## [TASK BRIEF]
Only one stretch of the data should be retyped: the lines from the line containing "在美元稳健运行的背景下,欧元" through the line containing "Water boxes in". Keep pictures out of it.

## [SUPPLIED DATA]
***

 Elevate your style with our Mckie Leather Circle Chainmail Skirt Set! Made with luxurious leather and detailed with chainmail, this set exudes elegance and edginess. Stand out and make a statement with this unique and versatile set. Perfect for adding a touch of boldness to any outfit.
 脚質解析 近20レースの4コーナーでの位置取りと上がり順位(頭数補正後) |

***

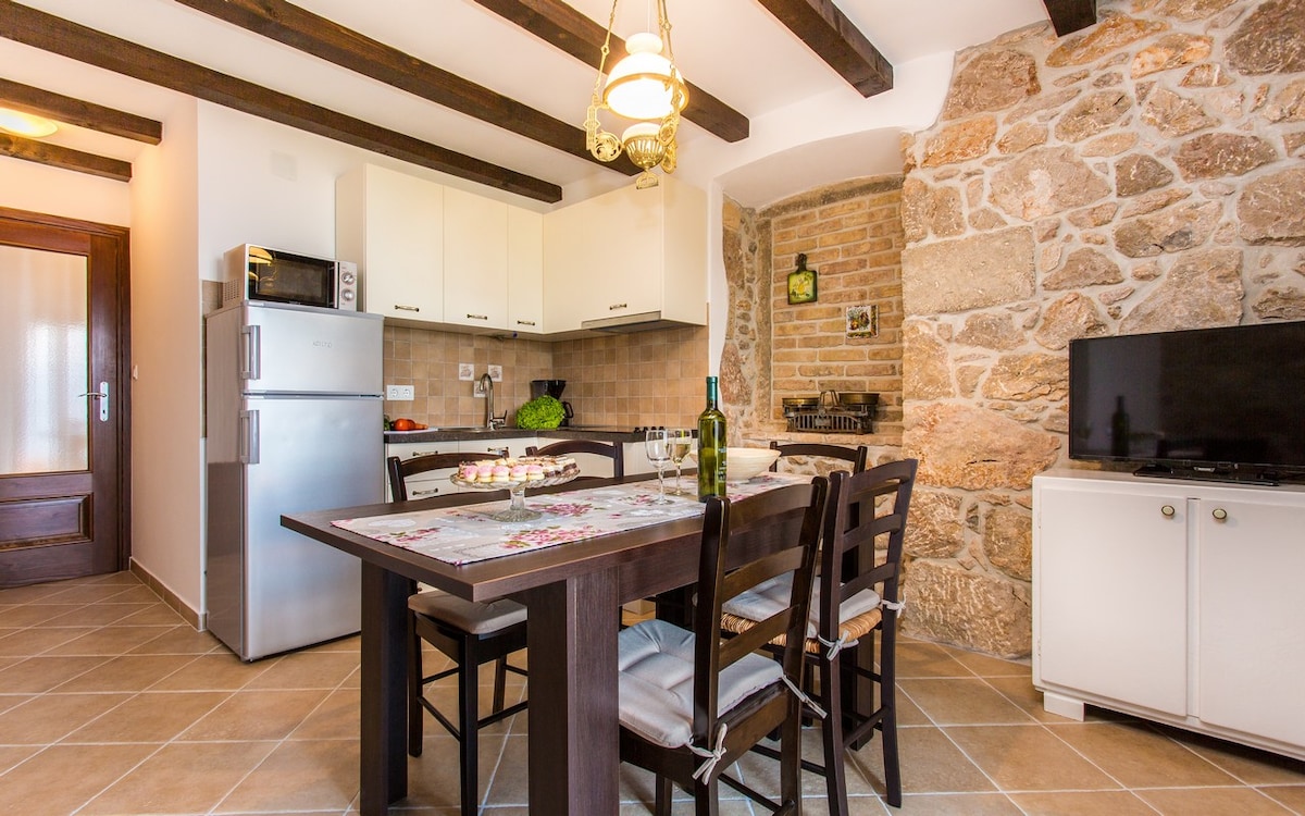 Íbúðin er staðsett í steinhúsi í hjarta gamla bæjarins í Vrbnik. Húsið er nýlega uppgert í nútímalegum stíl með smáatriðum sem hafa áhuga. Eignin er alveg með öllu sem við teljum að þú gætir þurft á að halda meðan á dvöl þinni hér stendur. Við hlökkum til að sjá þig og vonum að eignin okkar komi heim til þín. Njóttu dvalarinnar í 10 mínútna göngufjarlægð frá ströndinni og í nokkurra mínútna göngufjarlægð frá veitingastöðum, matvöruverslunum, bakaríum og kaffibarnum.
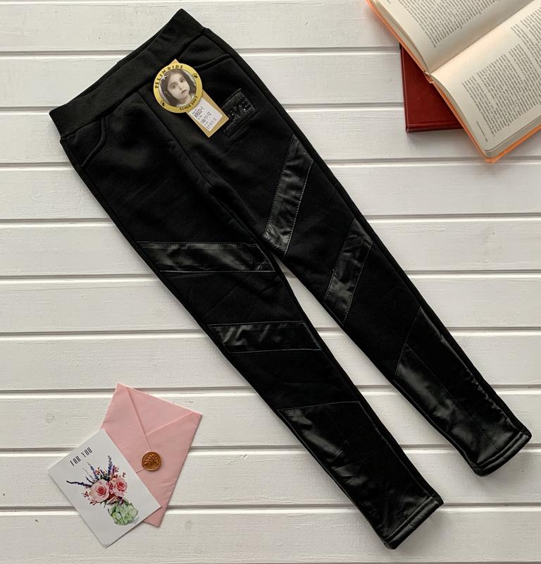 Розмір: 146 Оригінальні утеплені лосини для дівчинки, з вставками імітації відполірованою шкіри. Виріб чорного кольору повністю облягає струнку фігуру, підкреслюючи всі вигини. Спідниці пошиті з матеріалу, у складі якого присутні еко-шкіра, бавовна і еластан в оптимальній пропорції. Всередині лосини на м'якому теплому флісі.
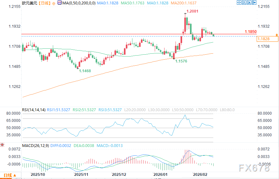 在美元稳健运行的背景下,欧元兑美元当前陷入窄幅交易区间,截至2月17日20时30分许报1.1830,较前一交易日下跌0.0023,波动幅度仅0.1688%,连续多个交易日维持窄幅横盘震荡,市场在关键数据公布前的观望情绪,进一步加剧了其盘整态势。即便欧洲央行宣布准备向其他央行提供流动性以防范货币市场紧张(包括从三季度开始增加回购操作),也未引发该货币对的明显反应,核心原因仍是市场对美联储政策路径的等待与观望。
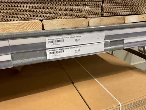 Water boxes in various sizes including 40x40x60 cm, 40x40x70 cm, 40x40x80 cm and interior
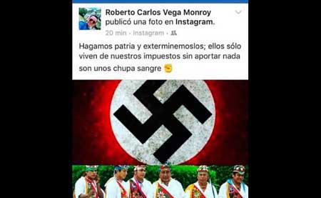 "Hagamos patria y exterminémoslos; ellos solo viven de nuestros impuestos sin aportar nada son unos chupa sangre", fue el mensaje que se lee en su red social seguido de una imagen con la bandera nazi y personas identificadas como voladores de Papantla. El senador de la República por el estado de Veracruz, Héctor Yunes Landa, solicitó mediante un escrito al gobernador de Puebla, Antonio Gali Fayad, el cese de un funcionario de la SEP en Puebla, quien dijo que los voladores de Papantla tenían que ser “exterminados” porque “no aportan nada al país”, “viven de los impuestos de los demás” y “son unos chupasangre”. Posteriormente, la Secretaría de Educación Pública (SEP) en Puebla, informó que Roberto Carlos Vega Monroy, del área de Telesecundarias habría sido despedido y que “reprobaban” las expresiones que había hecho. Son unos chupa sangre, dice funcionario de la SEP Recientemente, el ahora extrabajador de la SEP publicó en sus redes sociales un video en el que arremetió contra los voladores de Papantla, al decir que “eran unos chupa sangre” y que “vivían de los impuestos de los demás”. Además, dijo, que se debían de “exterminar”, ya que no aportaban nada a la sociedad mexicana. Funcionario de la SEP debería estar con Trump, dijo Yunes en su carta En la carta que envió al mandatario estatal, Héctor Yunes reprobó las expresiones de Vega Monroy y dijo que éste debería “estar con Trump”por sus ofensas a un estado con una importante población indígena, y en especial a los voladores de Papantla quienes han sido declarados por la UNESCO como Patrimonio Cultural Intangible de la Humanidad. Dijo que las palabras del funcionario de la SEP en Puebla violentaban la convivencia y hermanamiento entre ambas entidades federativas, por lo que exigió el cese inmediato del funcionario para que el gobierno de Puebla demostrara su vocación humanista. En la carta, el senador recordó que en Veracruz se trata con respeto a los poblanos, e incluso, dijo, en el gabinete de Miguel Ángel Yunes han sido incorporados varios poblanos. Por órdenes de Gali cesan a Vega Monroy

***

## [THE COMPLETED TASK]
 在美元稳健运行的背景下,欧元兑美元当前陷入窄幅交易区间,截至2月17日20时30分许报1.1830,较前一交易日下跌0.0023,波动幅度仅0.1688%,连续多个交易日维持窄幅横盘震荡,市场在关键数据公布前的观望情绪,进一步加剧了其盘整态势。即便欧洲央行宣布准备向其他央行提供流动性以防范货币市场紧张(包括从三季度开始增加回购操作),也未引发该货币对的明显反应,核心原因仍是市场对美联储政策路径的等待与观望。
 Water boxes in various sizes including 40x40x60 cm, 40x40x70 cm, 40x40x80 cm and interior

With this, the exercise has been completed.